### Description of the task
Verbatim copy, pictures excluded: every line from the one with "本研究通过多步反应成功制备了" through the final line of the data below, and no other line.

### Records shown
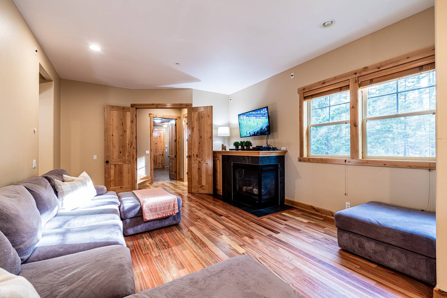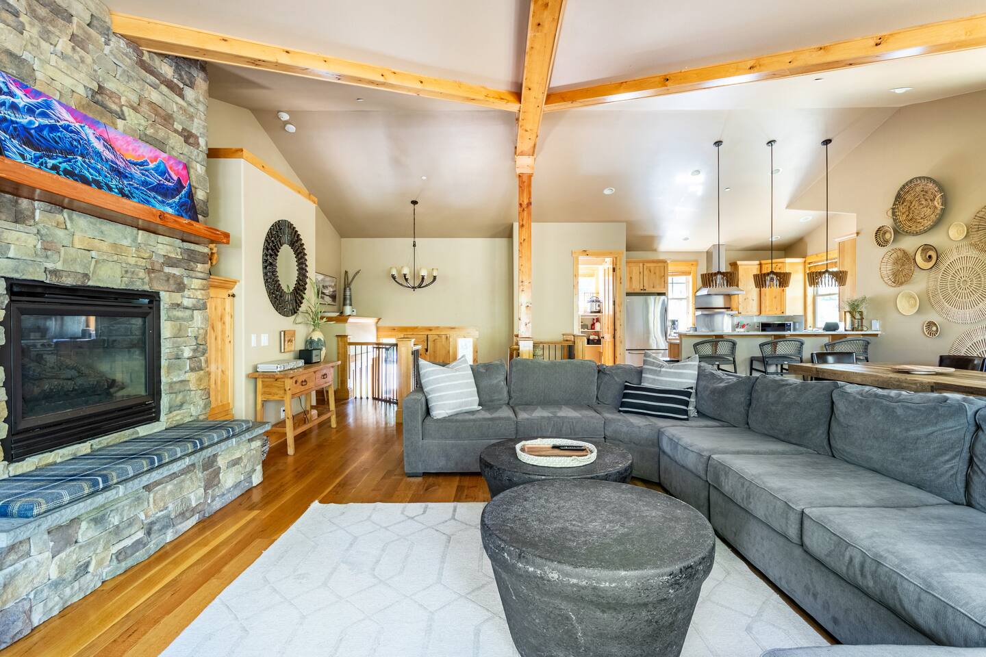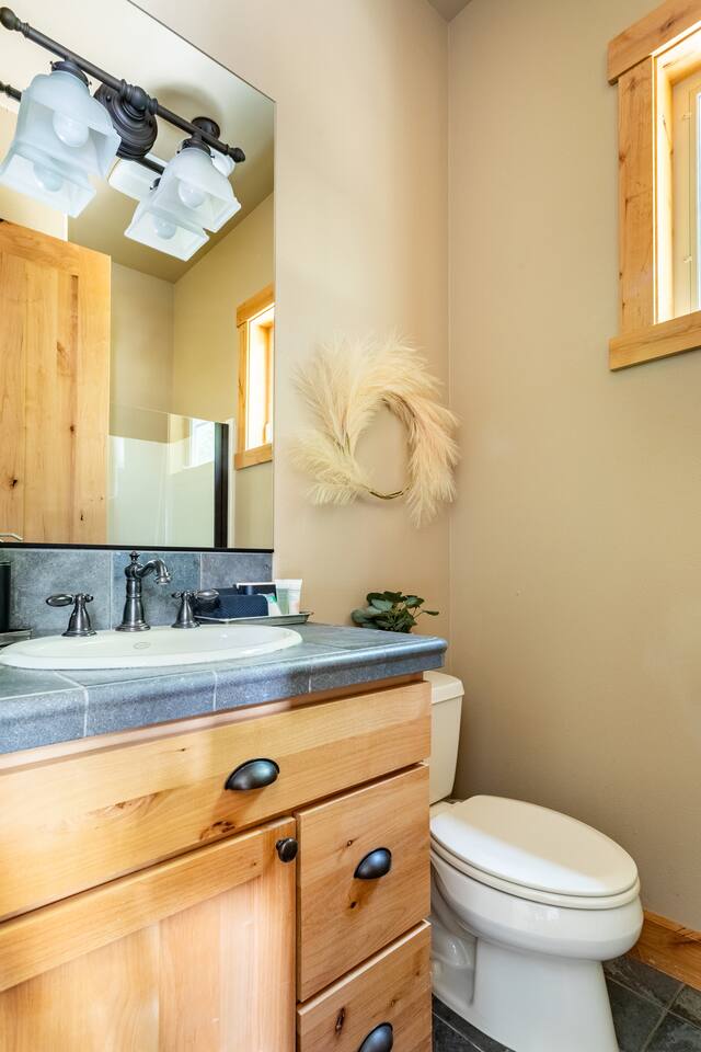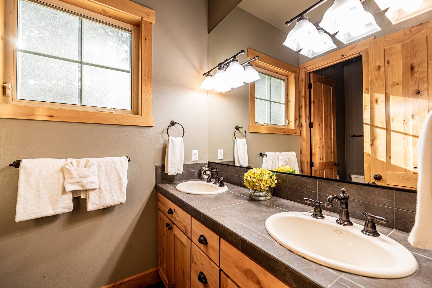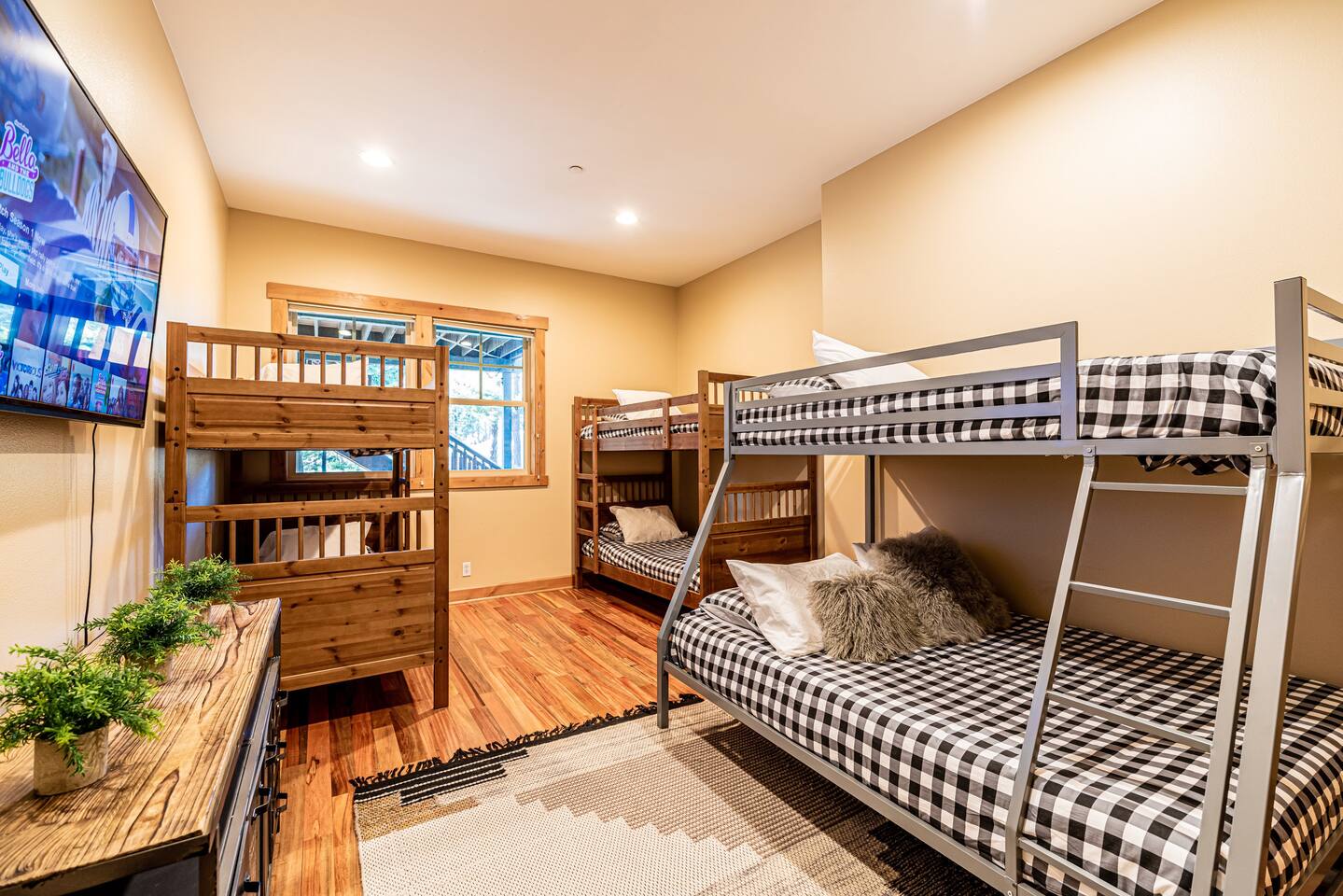 This stunning home offers the comfort, convenience, and privacy of a house with the luxury of a high-end hotel. We have carefully provided luxurious furnishings and amenities to make it one of the most desirable vacation homes at Suncadia! The home offers many amenities, including a full kitchen with professional-grade appliances, a large living room with a beautiful stone fireplace, a large patio and deck, toys and games for the whole family, 6 large HDTV's with DirectTV, apps, and FireTV's, and complimentary 100MB internet. Also we have just recently added a Golf Simulator for year round Golf. It’s all you could want for your next getaway! • Kitchen: the spacious kitchen features all the appliances, cookware, and utensils you need to prepare delicious meals—or you can cook outdoors on our gas barbeque. Enjoy your culinary creations at the spacious 10-seat dining room table, kitchen bar, or even outside on our 8-person patio set and enormous outdoor sectional. This home was built for entertaining! • Activities: there are many ways to spend a fun afternoon or evening around the property, from relaxing in the 8-person hot tub, to enjoying lawn games, to watching your favorite sports in the spacious living room on our 65” 4K curved TV. In the living room curl up with a book beside the stone fireplace, or enjoy the evening with a large group of family and friends. • Bedrooms: each of the 4 bedrooms are fully furnished for your group and uniquely designed with their own themes, and the bathrooms are stocked with complimentary essentials. The master bedroom offers a plush king-size bed, gas fireplace, TV, and ensuite bathroom with rain shower. The lower level features two more bedroom suites with king sized beds, each with televisions and their own private bathrooms—if you’d prefer, one of the beds can be converted to two twins. The 4th bedroom features 6 bunk beds with sleeping for 7.
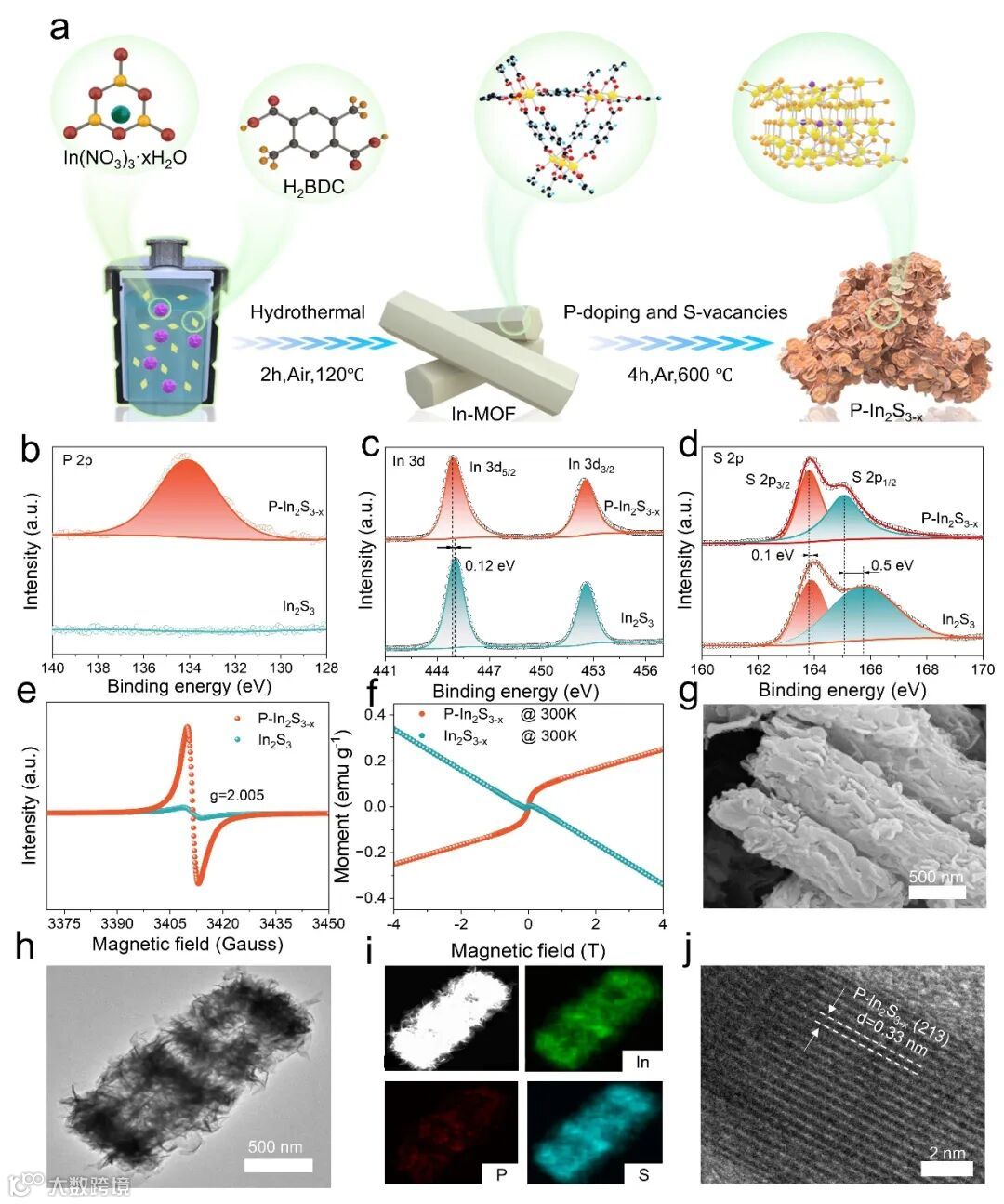 本研究通过多步反应成功制备了磷掺杂非对称配位In₂S₃材料(P-In₂S₃₋ₓ)。系统表征表明,磷掺杂显著改变了材料的电子结构特征,XPS分析证实了电子结构的重构,结合EPR和SQUID测试结果,明确检测到材料中In元素存在高自旋电子态,成功实现了通过磷掺杂调控In₂S₃电子态的目标(图2)。
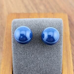 Silver Tone Post Navy Blue Bead Stud Earrings Round Simple Minimalist Everyday
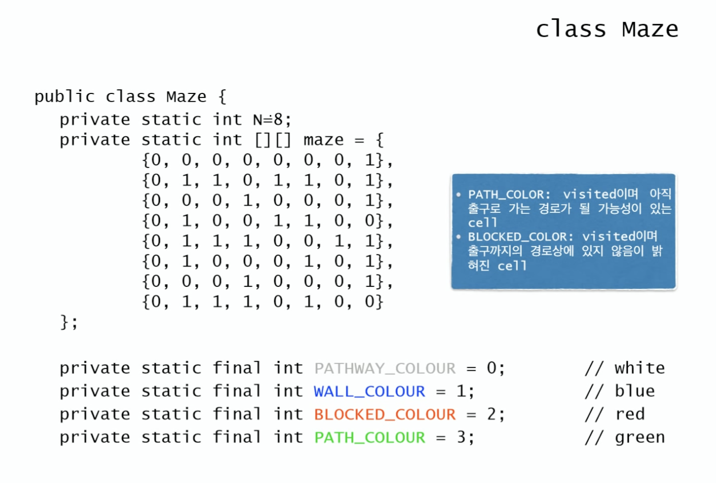 private static final int BLOCKED_COLOUR = 2; // 방문해서 PATH_COLOUR이었다가 경로가 아니라고 판단된 셀
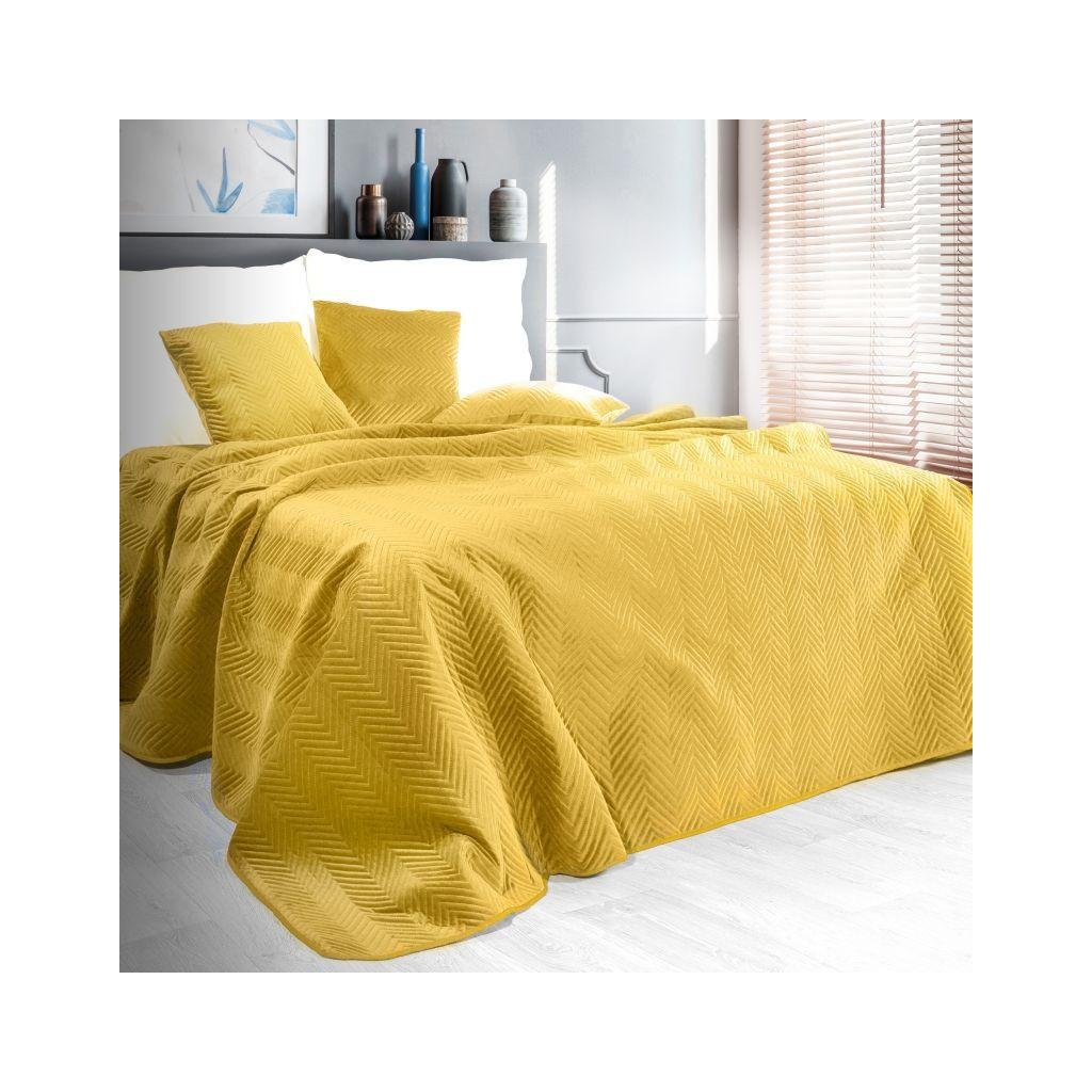 Horčicový zamatový prehoz na posteľ SOFIA 220x240 cm

### Finished exercise
 本研究通过多步反应成功制备了磷掺杂非对称配位In₂S₃材料(P-In₂S₃₋ₓ)。系统表征表明,磷掺杂显著改变了材料的电子结构特征,XPS分析证实了电子结构的重构,结合EPR和SQUID测试结果,明确检测到材料中In元素存在高自旋电子态,成功实现了通过磷掺杂调控In₂S₃电子态的目标(图2)。
 Silver Tone Post Navy Blue Bead Stud Earrings Round Simple Minimalist Everyday
 private static final int BLOCKED_COLOUR = 2; // 방문해서 PATH_COLOUR이었다가 경로가 아니라고 판단된 셀
 Horčicový zamatový prehoz na posteľ SOFIA 220x240 cm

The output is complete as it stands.